引用した著作物に、別の引用が含まれる場合

相談者
419810さんの相談
投稿日:

状況)
業務で報告書を作成する際に、引用のルールに従って、他者(A)の著作物を引用しました。
ただし、引用した(A)の著作物の中には、既に別の著作者(B)の著作物の一部が引用されていました。

質問)
1.ルールに正しく従っていれば、(A)の著作物を引用することに問題はないのでしょうか?
2.引用元を表記する場合、(A)(B)いずれの著作物名(著作者名)を記すべきなのでしょうか?

出典の書き方はどこまで必要?

引用そのものが認められる場面でも、出典をどこまで細かく書けばよいのかで迷う点は尽きません。著者名や書名だけで足りるのか、URLや該当ページまで必要なのか、判断に困る境界事例が寄せられています。原典にあたれるようにするという出所明示の趣旨をふまえながら、基本の書式と実務上の目安を整理します。

インターネットなどでの引用の仕方について

相談者
929978さんの相談
投稿日:

インターネットなどでの引用のやり方について、いろいろと調べましても、
いろいろと言っている事が違う事も多く、お聞きしたいのですが、
基本的な引用のやり方としては、直接引用としては、
1、○○という本においては、「□□と△△は、本質的に同じである。」(1)
と書いてあった。

私はこの事について(以下引用した文章についての感想が10行程という設定。)

引用文献
(1)〇□△(著者名)、○○(書名)、第5版(使用した版の表示)、〇△出版社(出版社名)、
200□年第5版発行(使用した版の出版年)、p.212(その文献の引用した文章の該当ページ。)
(この書名とか著者名とか引用文章とかの設定はすべて適当です。)

というように書くのが、一つのやり方のように思えますが、
1、インターネット上においての引用においても、同じようなやり方でよろしいのでしょうか。
2、上記(1)の引用文献のような情報を書いて、さらに
出版地とか、ISBNなども記すやり方もあるようですが、そこまでやった方がよろしいでしょうか。
3、また、上記のような引用のやり方において、何か不備や間違いなどはありますでしょうか。 

著作権と本からの引用について

相談者
1141961さんの相談
投稿日:

【相談の背景】
著作権についてお尋ね致します。
野菜・果物の効用について出版を考えています。

【質問1】
この場合他者の本や雑誌からの引用がどうしても多くなり、巻末に著者名、本のタイトル、出版社を[参考文献]として記載すれば問題ないでしょうか❓
あと引用で気をつけることがあれば、ご指導下さいませ。

【著作権】他人の著作物を引用するときの出典について

相談者
535486さんの相談
投稿日:

例えば、他人のサイトのページにある著作物を引用するときには、その出典には、必ずそのページのURLを含めて記さなければならないのでしょうか?
それとも、必ずしもそのページのURLを含めて記さなければならない訳ではないのでしょうか?

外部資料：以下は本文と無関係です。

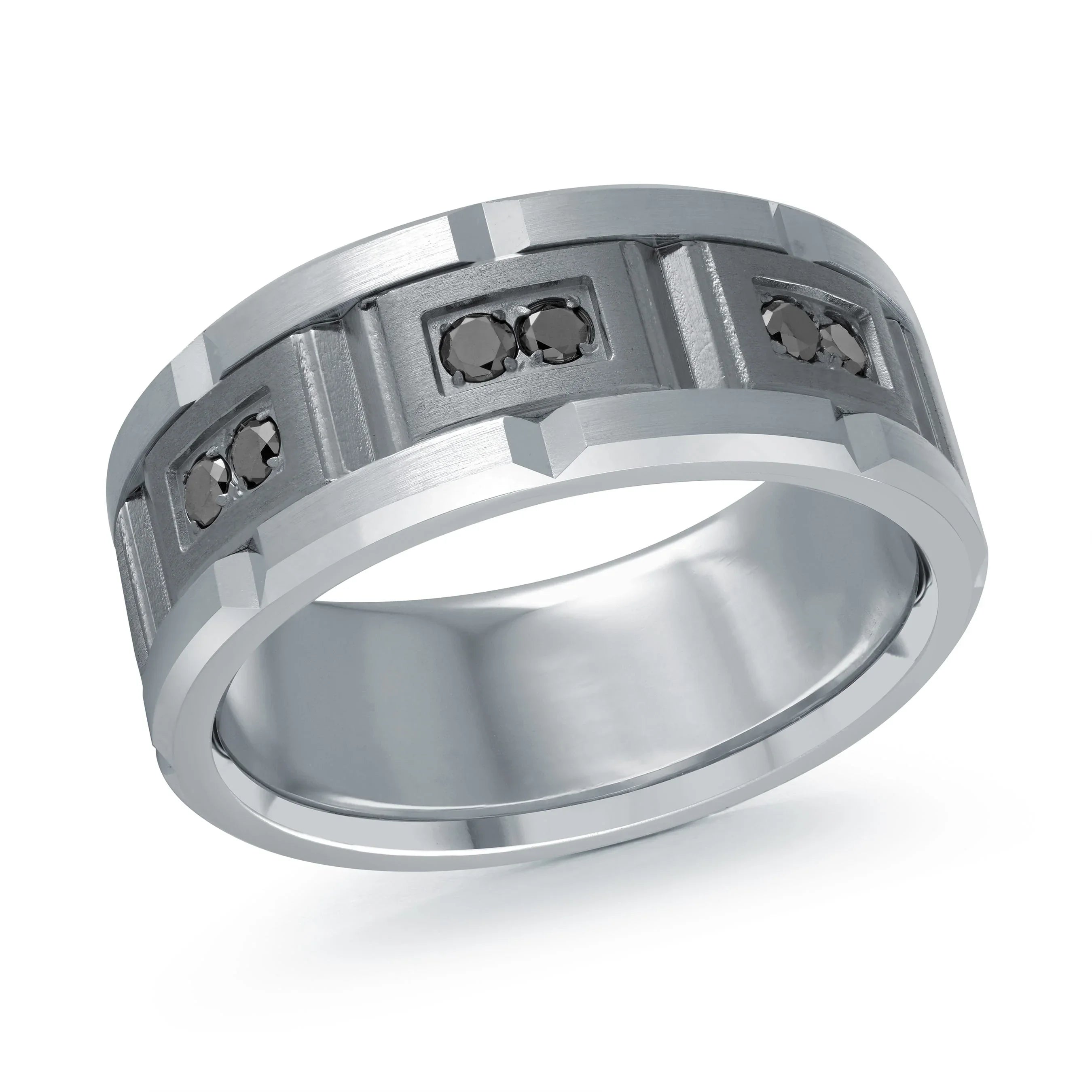 14K White Gold with Carbon Fiber Ring from the Tantalum Collection by Malo - MRDTN-054-9WBD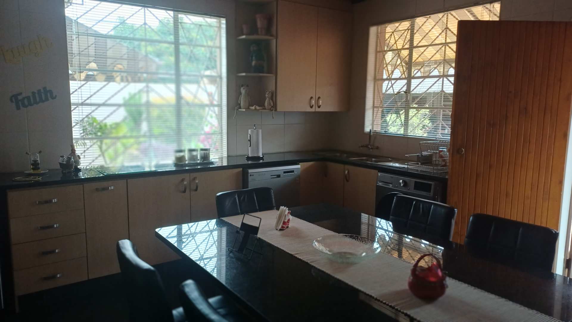 A Spacious entrance hall leads to a well appointed lounge / dining room, which leads to a magnificent kitchen which has granite tops and a six burner gas stove. The kitchen is plumbed for a washing machine and dishwasher with space for all your modern appliances.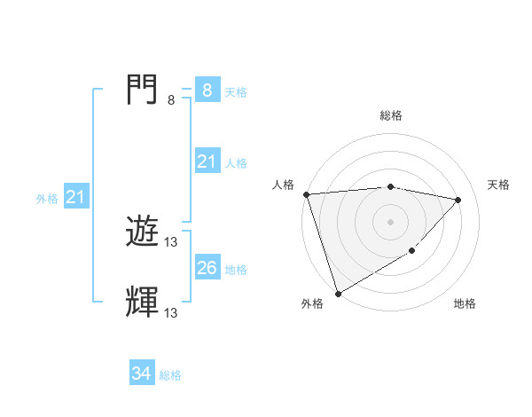 門 遊輝さんの総格は34画の2点!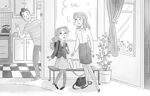 natáčí její první kroky směrem ke vchodu do školy. „Tati, ne. Žádné natáčení, žádné fotografování, žádné objímání! A pokud okamžitě neodejdeme, vyrazím sama na metro, protože jinak přijdu pozdě!“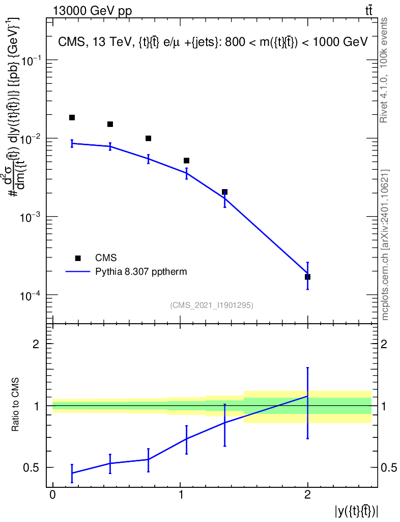 Lines: data, pythia8 8.307 pptherm |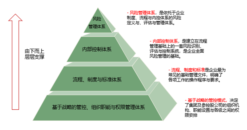 2、基于太阳成集团tyc122cc入口多年来开展管控、内控及风险管理的经验,建立企业全面风险管理体系应包含以下四个层次: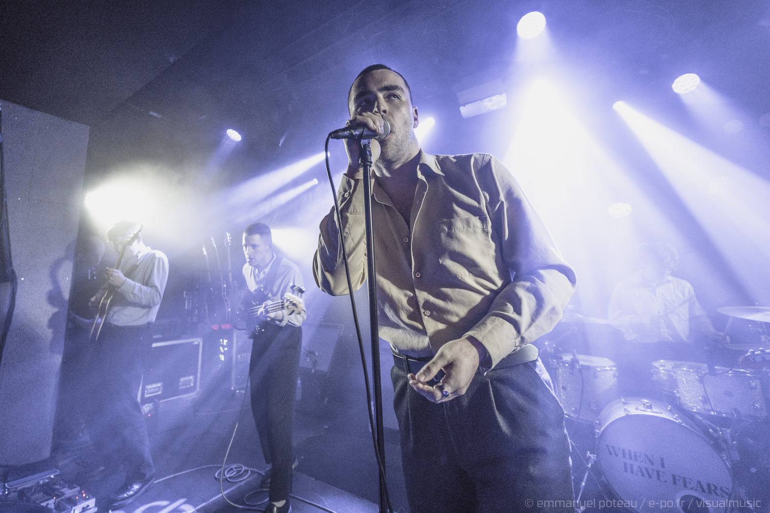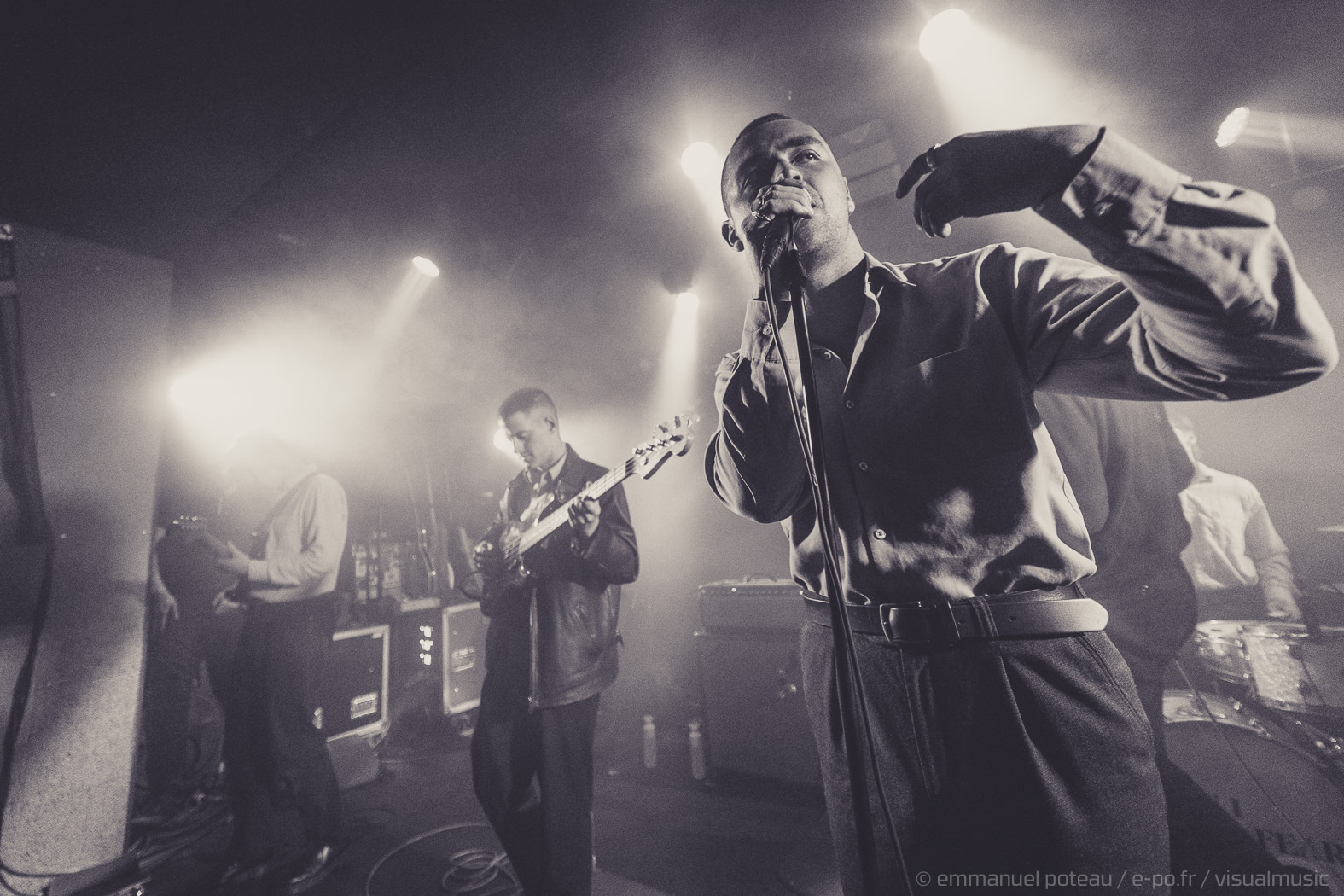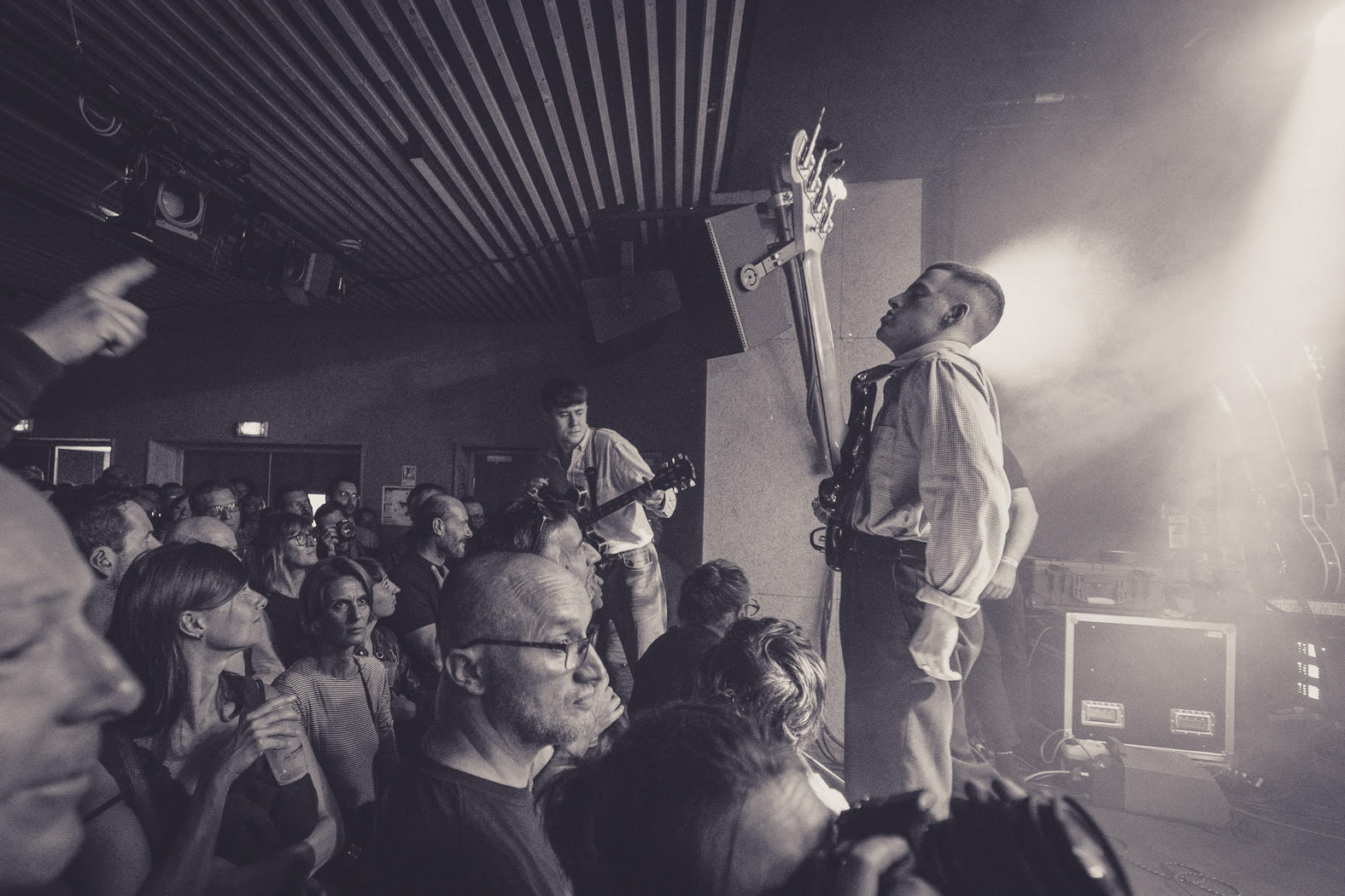 Et on suit. On suit McGovern et son groupe sur des terres torturées à la Joy Division et on résiste difficilement à la montée maitrisée, cette tension suspendue de « Green & Blue ». Résister, ne pas plier. Encore et toujours. Alors on s’accroche. On avance. Sans rechigner. « More is Less » sonne la charge, McGovern gueulant à tout va « More, more, more, More is less, more is less » devant un public désormais chaud bouillant, pogotant devant la scène. Les lumières tamisées des premiers titres ont laissé place aux lumières franches, aux descentes du frontman et des musiciens au sein même du public. Aller au contact, résister, ne pas plier. Résister et affronter. More, more, more. Se réapproprier l’espace. Se réapproprier un Dublin bouffé par les AirBnB et autres hôtels de touristes. Se réapproprier le pouvoir. Au paroxysme du rageur « Feeling Fades », plus rien ne retient le groupe, McGovern porté par le public, s’accroche aux spots suspendus d’une salle en fusion pendant que les musiciens s’acharnent sur leurs instruments.

私は、(引用元:サイト名、ページURL、引用日)と記してその出典を示したかったのですが、このサイトはURLを使用した投稿は控えていただくようガイドラインにて定義されているので、そのページURLだけを除いて、(引用元:サイト名、引用日)と記してその出典を示していただいてもよろしいでしょうか?

教えてください。回答よろしくお願いいたします。

引用文の改変はどこまで許される?

引用は原文のまま用いるのが原則ですが、実際には表記を整えたり、一部を省いたりしたくなる場面があります。全角英数字を半角に直す程度の整形と、語句の削除や要約とでは扱いが分かれます。どこまでが許される手直しで、どこからが改変や翻案にあたるのか、あわせて主従関係と分量の考え方を相談例に沿って見ていきます。

こんな引用の仕方でも合法になるのですか?

相談者
908055さんの相談
投稿日:

2000文字程度のオリジナル文章。3000文字程度の引用数(7~8個の文献で、各文献の引用文字数は200~500文字)。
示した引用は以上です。